What is expected: Up to and including the line that contains "Natural Australian Opal", repeat the entries below exactly from the first line on. Do not carry over any pictures.

Provided data:
=== Begin Enclosure ===

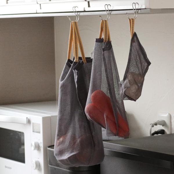 そんな大事な風通しをばっちり確保する通気性抜群な蚊帳素材を使い、吊るせるバッグ型にした野菜収納袋がこちらです。
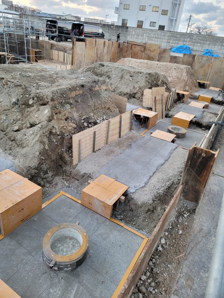基礎 ゲタ、梁底架け 過去の現場 Twitter Facebook はてブ Pocket LINE コピー 2022.01.26 2022.01.25 2026年1月 月 火 水 木 金 土 日 1234 567891011 12131415161718 19202122232425 262728293031 « 2月 なるべくサポートを使用しました。 根切りの高さが図面と違ったので車にベニヤを積んでB梁底を現場加工しました泣。ボイドの穴はマキタ18Vジグソーで綺麗に早くカットする事が出来ました。 B梁にボイド 1200ピッチ以内で施工のようです。 解体しやすいように梁底に鋸目を入れてます。 Follow me! FacebooktwitterHatenaPocketCopy
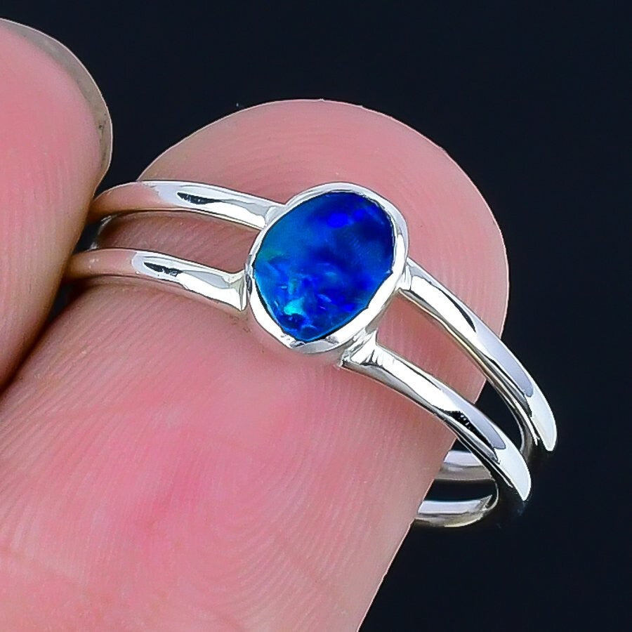 Natural Australian Opal Solid Sterling Silver Cluster Mother Wedding Ring Size 9
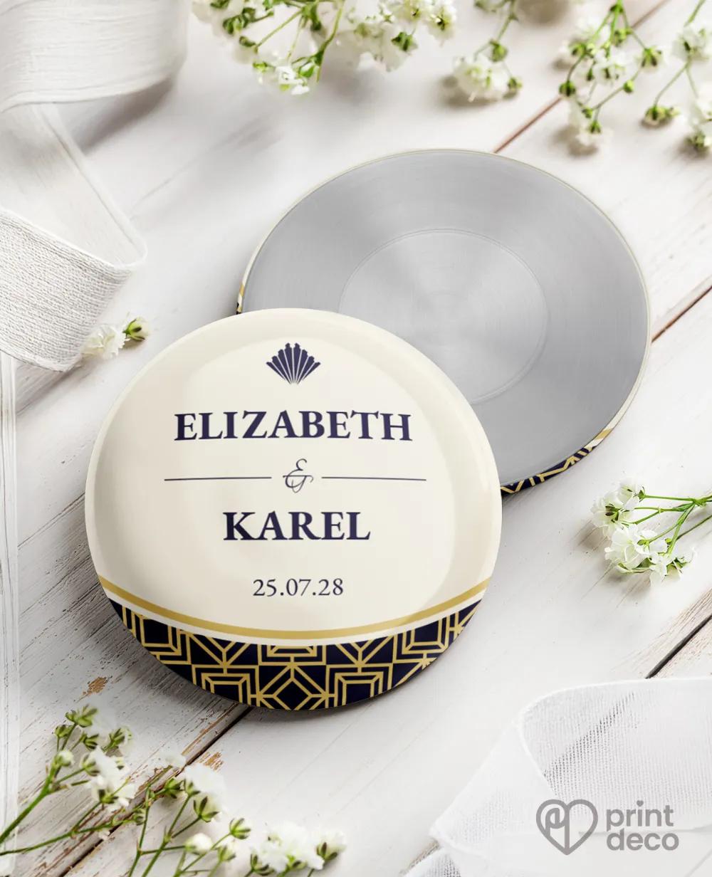 Svatební vnitřní vložka je elegantním detailem, který pozvedne vzhled každé obálky a zanechá působivý dojem už při jejím otevření. Geometrické vzory ve zlaté a tmavě modré barvě působí luxusně, noblesně a nadčasově, takže se skvěle hodí k vintage, elegantním i luxusně laděným svatbám. Tento art deco motiv spojuje stylový kontrast barev s precizní estetikou, čímž podtrhuje slavnostní charakter vaší svatby. Objednávka je jednoduchá – u varianty bez jmen stačí produkt vložit do košíku v požadovaném množství, u varianty se jmény stačí doplnit vaše údaje do políčka se zadáním pro grafika a o návrh se již postaráme. Vložku můžete snadno sladit s dalšími svatebními tiskovinami ve stejném art deco stylu, jako jsou oznámení, pozvánky či etikety, přičemž expresní výroba a vysokokvalitní tisk zaručí dokonalý výsledek.
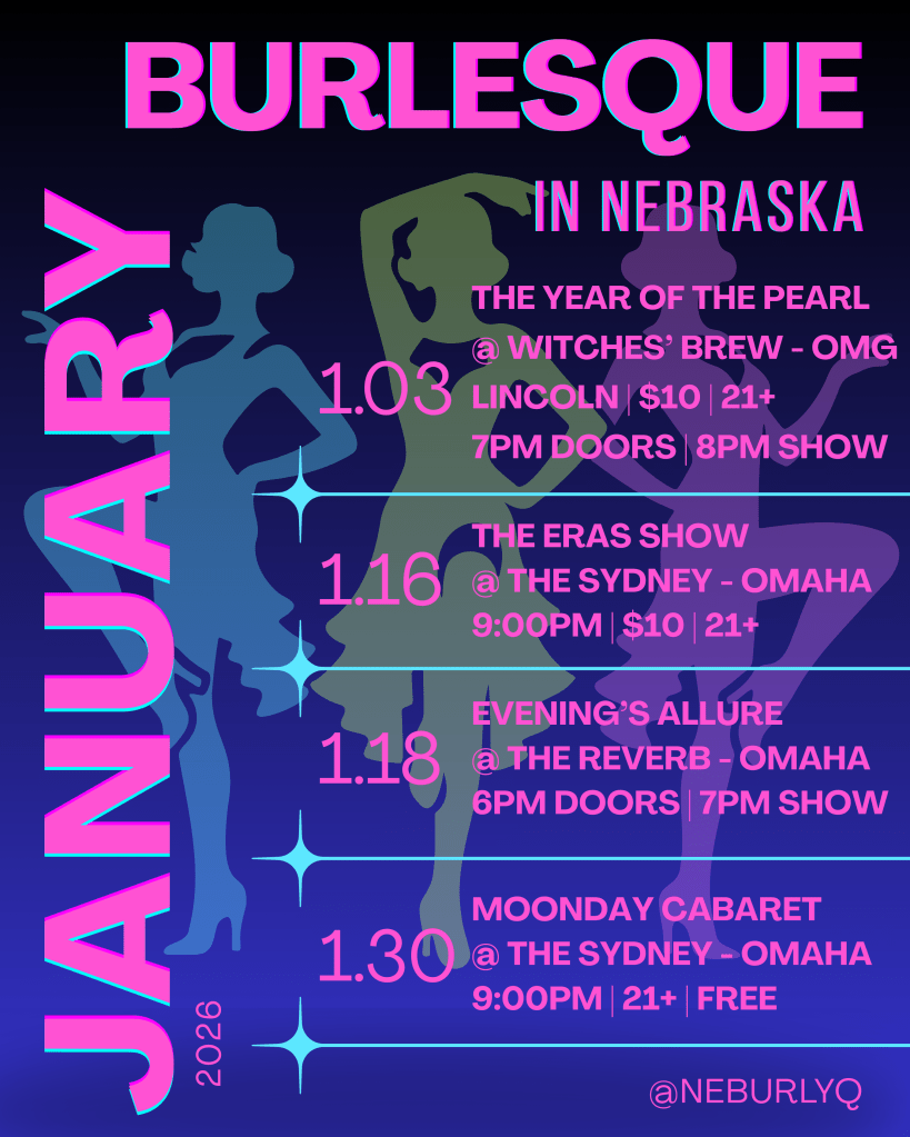 Start the new year with sparkle, sass, and sensational performances! Nebraska’s burlesque scene is heating up this January with four incredible shows you won’t want to miss. Whether you’re in Lincoln or Omaha, there’s a stage waiting for you to experience the art of tease.
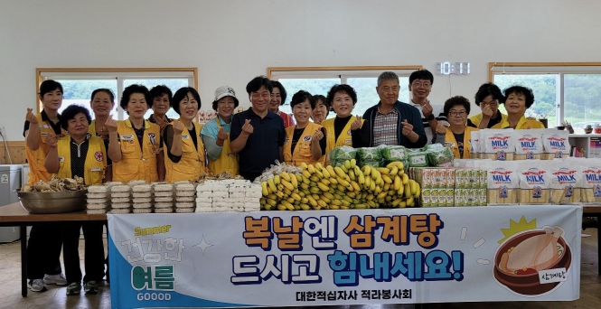 [뉴스서치] 대한적십자사 적라봉사회는 지난 26일, 중복을 맞아 여름철 건강 증진을 위해 취약계층 40가구에게 건강한 보양식인 삼계탕을 전달했다.
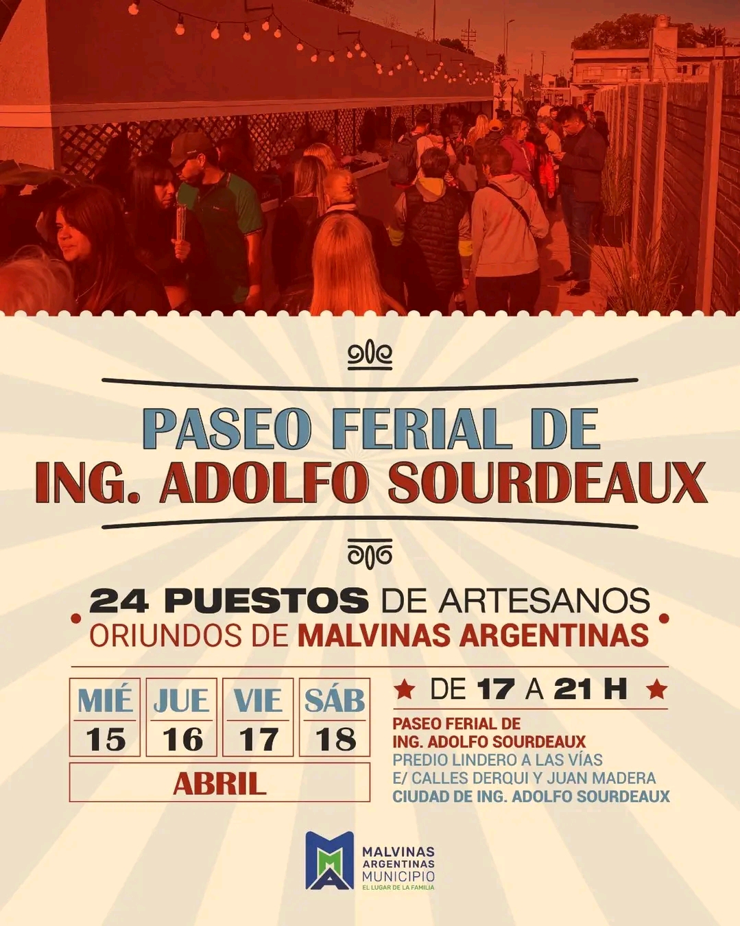 Paseo Ferial de ING. ADOLFO SOURDEAUX, veinticuatro puestos de artesanos oriundos de Malvinas Argentinas los días 15, 16, 17 y 18 de Abril de 17 a 21 HS.
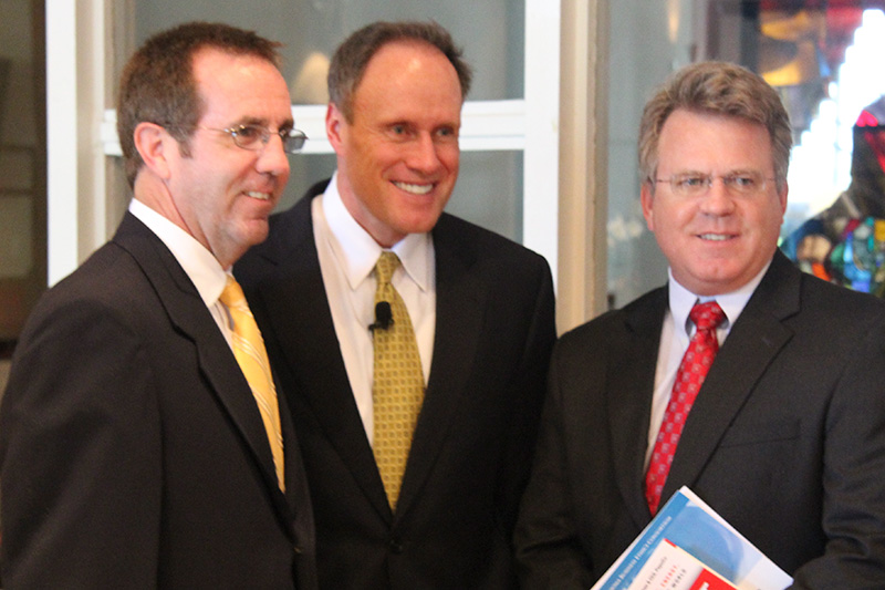 Terry May of MESA, Stephen M.R. covey and Gary Huneryager of OGE. |
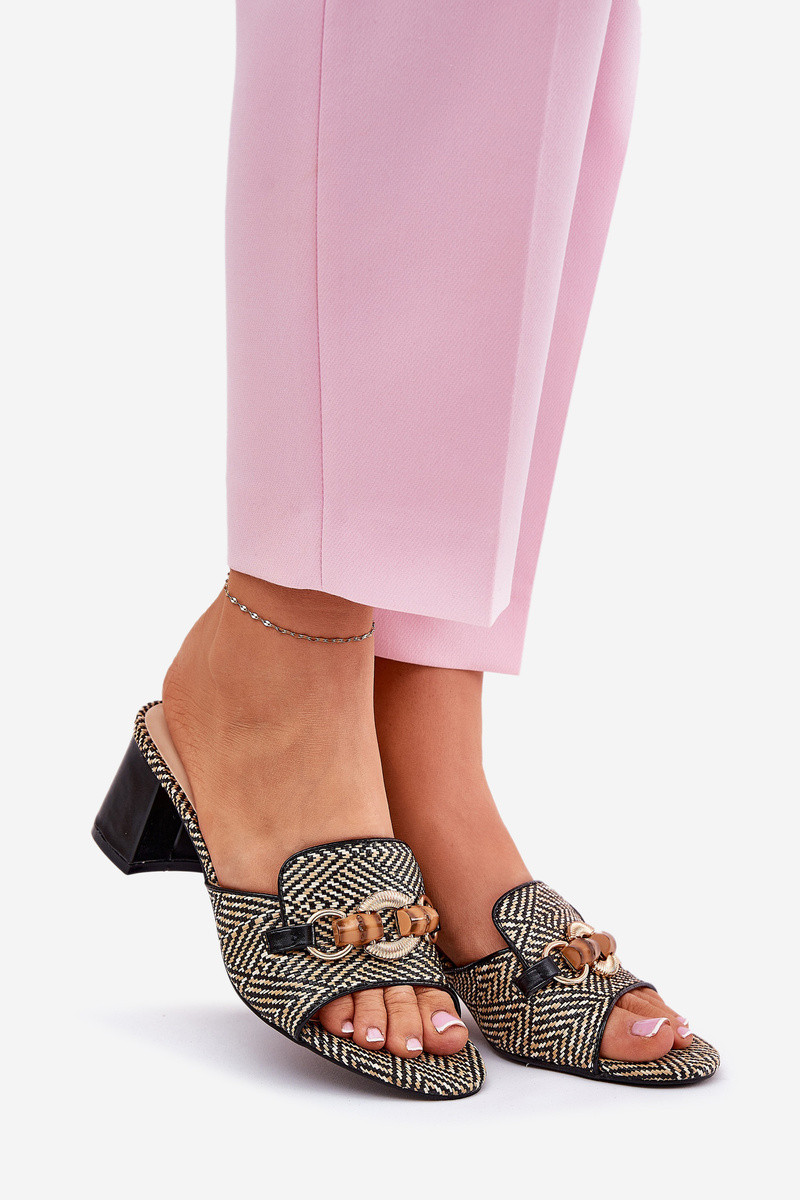 Dámské Pantofle Na Podpatku S Dekorací Černé model 21689670 - Boto
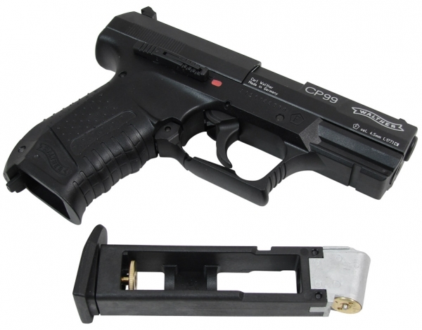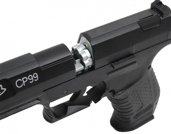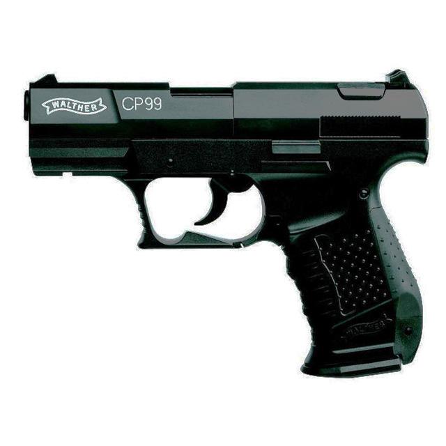 Пневматический пистолет Umarex Walther CP99 - практически точная копия боевого пистолета Walther P-99. Облегченный ударопрочный пластиковый корпус.
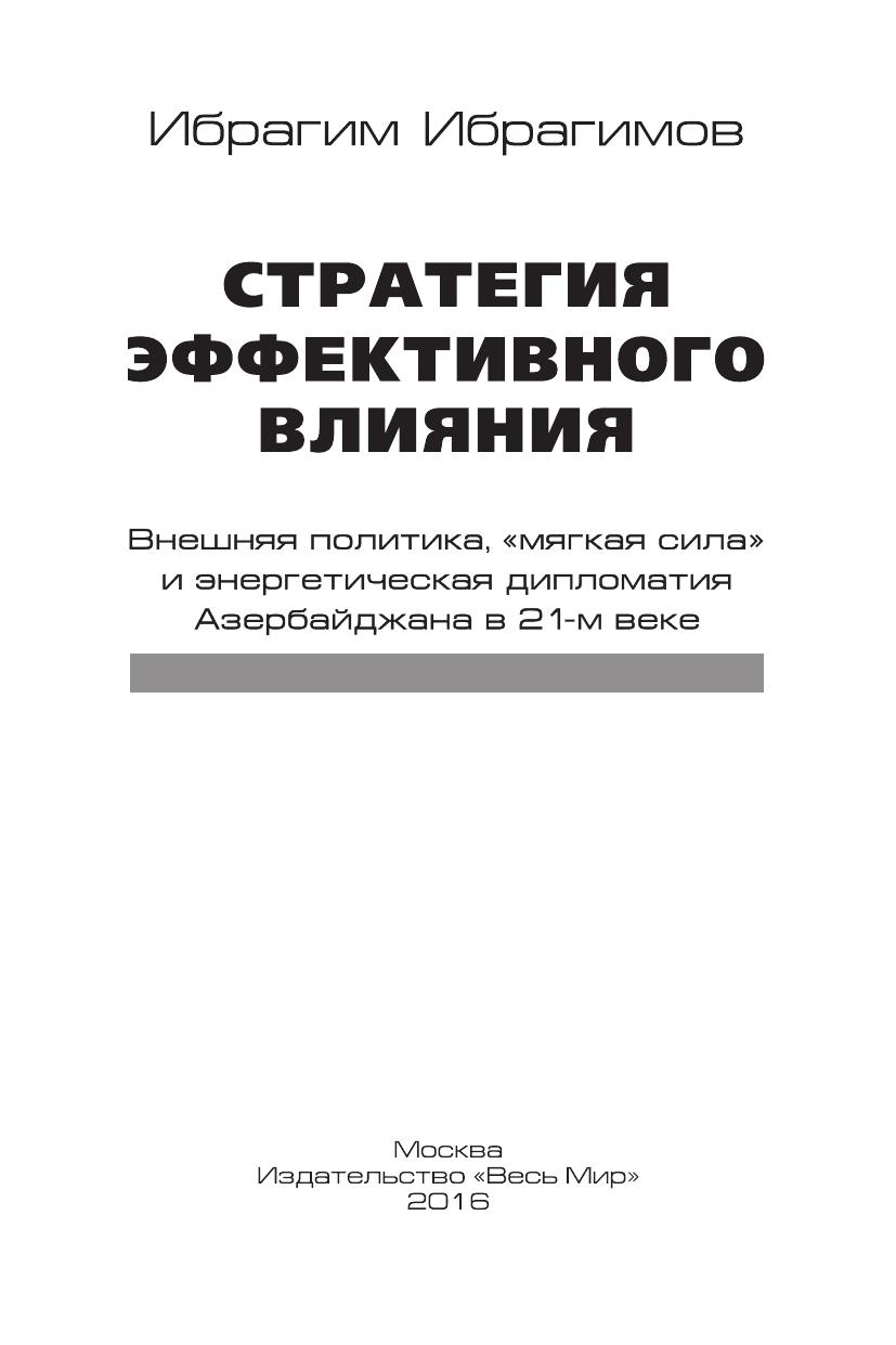 Стратегия эффективного влияния. Внешняя политика, «мягкая сила» и энергетическая дипломатия Азербайджана в 21-м веке

=== End Enclosure ===

Response:
 そんな大事な風通しをばっちり確保する通気性抜群な蚊帳素材を使い、吊るせるバッグ型にした野菜収納袋がこちらです。
基礎 ゲタ、梁底架け 過去の現場 Twitter Facebook はてブ Pocket LINE コピー 2022.01.26 2022.01.25 2026年1月 月 火 水 木 金 土 日 1234 567891011 12131415161718 19202122232425 262728293031 « 2月 なるべくサポートを使用しました。 根切りの高さが図面と違ったので車にベニヤを積んでB梁底を現場加工しました泣。ボイドの穴はマキタ18Vジグソーで綺麗に早くカットする事が出来ました。 B梁にボイド 1200ピッチ以内で施工のようです。 解体しやすいように梁底に鋸目を入れてます。 Follow me! FacebooktwitterHatenaPocketCopy
 Natural Australian Opal Solid Sterling Silver Cluster Mother Wedding Ring Size 9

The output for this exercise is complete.